Classifying Wandering Domains

The proposed research is in the field of complex dynamics which has experienced explosive growth in the last 30 years, with the advent of computer graphics demonstrating the highly intricate nature of the sets involved, and with the introduction of many deep techniques from complex analysis.

This research project will seek to achieve the ambitious objective of completing the classification of the different types of dynamical behaviour that can occur within the components of the Fatou set. (The Fatou set of an analytic function is the set where the behaviour of the iterates of the function is stable.) A complete classification of Fatou components exists for rational functions and this is fundamental to work on rational dynamics. Until recently, such a classification for transcendental entire functions seemed out of reach.

The background to the project is that a complete classification of periodic Fatou components for rational functions was given by the founders of complex dynamics, Fatou and Julia, nearly 100 years ago. For many years it was unknown whether there are other Fatou components which never map into a periodic component - such components are known as wandering domains.

One of the most famous results in complex dynamics is Sullivan's `no wandering domains theorem' published in the Annals in 1982, which shows that, for rational functions, all Fatou components are eventually periodic. A major difference between rational dynamics and transcendental dynamics is that wandering domains can exist for transcendental functions. There is currently no general description of the dynamical behaviour inside wandering domains.

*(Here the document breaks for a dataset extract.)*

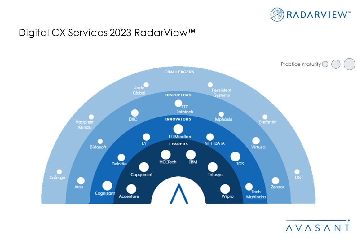 This RadarView includes a detailed analysis of the following digital CX services providers: Accenture, Atos, Birlasoft, Capgemini, Coforge, Cognizant, Deloitte, DXC, EY, HCLTech, Happiest Minds, IBM, Infosys, ITC Infotech, Jade Global, LTIMindtree, Mphasis, NTT DATA, Persistent Systems, Stefanini, TCS, Tech Mahindra, UST, Virtusa, Wipro, and Zensar.

The first example of a wandering domain was given by Baker in 1976. His example was multiply connected and he later showed that many of the basic geometric properties of this example hold for all multiply connected wandering domains.

In a recent major paper, the investigators together with Walter Bergweiler gave a remarkably complete description of the dynamical behaviour in multiply connected wandering domains. This holds out the prospect, for the first time, that it might be possible to give a complete description of the dynamical behaviour in simply connected wandering domains. The purpose of this project is to bring this prospect to fruition, thus giving a complete classification of Fatou components.

There are many types of simply connected wandering domains, and so the task of giving a complete description of the dynamical behaviour in such domains will be much more challenging than for multiply connected wandering domains. We will begin by analysing examples of wandering domains that can be thought of as escaping versions of the different types of periodic Fatou components, and using a range of techniques to construct new examples. By studying the limiting behaviour of the hyperbolic distance between pairs of points in such domains we hope to produce a classification of the different types of behaviour that are possible. This should enable us to identify sequences of absorbing domains inside the wandering domains, within which the dynamics behave in a specified way. We will then address the more challenging task of constructing new examples of wandering domains that do not escape and classifying such domains.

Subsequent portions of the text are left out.